Я оглянулся на дом Степана Петровича: окна его смотрели на улицу открыто и печально. И только слуховое на крыше слегка хмурило бровь-наличник.
— Забирай дом. И живи.
Он не поверил, видно, решил, что ослышался.
— Чего-чего?..
— Дом, говорю, забирай и живи.
Михаил помолчал, соображая.
— И ты так, без обиды?
— Какая обида?..
Он сразу ожил, воспрял, заулыбался, приобнял за плечо.
— Я тебе казенную пробью! У меня тут в райисполкоме приятель! Только ты без обиды. Все-таки отцов дом, мы в нем выросли. Родное гнездо, понимаешь?
— Понимаю…
— Тогда утром сходим в сельсовет, ты мне дарственную напишешь. — Он заторопился. — А я в магазин, братишка, пока не закрыли. Посидим, выпьем…
Михаил ушел, а я вернулся в избу. Мать, собирая на стол, мельком глянула на меня, и этого ей хватило, чтобы сделать вывод.

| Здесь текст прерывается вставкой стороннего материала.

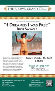 Rich Swingle has performed in 43 states, 39 nations on six continents, mostly with a dozen one-man plays he’s written or developed. “I Dreamed I Was Free” has been performed at the John Woolman Forum at George Fox University, The Lamb’s Little Theatre in New York City, and the Nordic Black Theatre in Oslo, Norway. Excerpts have been performed at the John Woolman House in Mt. Holly, New Jersey, twice. Rich has performed in about 45 films (www.IMDb.me/RichSwingle) including three that have had theatrical releases: Beyond the MaskAlone Yet Not Alone and Providence. Rich has received several awards, including People’s Choice: Actor of the Year at the International Christian Music and Film Festival, 2021. Rich has taught in about 100 schools, including an annual presentation skills workshop at Princeton University. He’s grateful to his bride and to his Lord.

— Вы что, поругались? Где Миша?
Я коротко рассказал о нашем разговоре, и мать вдруг обрадовалась.
— И правильно! — улыбалась она. — Зачем тебе такой большой дом? А у Миши все-таки семья, дети ему как раз будет.
Я не сказал маме, что Михаил будто бы разошелся, потому что сам не верил в это.
Мы прождали его до глубокой ночи, а пока связывали в узлы мои пожитки. Уезжая, Степан Петрович взял только одежду да самовар из этого дома; заправленные домоткаными покрывалами кровати, сундук, шкаф и буфет остались не тронутыми с места. И теперь оставались их новому хозяину. Я будто бы здесь и не жил…
— Домой поедем, сынок, — приговаривала мама и лицо ее сияло. — Домой, домой…
Неожиданно спохватываясь, начинала горячо убеждать, мол, хватит тебе, пожил в Мохово. Оно хоть и большое село, да бестолковое, и народ здесь — с бору по сосенке. Ведь и раньше о Мохове дурная слава была, конокрады тут жили, ямщики загульные и, сказывали, даже лиходеи, что грабежом промышляли. Как ни говори, Мохово стояло на тракте и своим рождением было ему обязано. Поэтому, видно, и сохранился здесь старый дух…
Эти два дня, пока мать гостила у меня, круглые сутки сидела на запоре и, прежде чем открыть дверь, лезла на крышу посмотреть через слуховое окно, кто пришел и один ли…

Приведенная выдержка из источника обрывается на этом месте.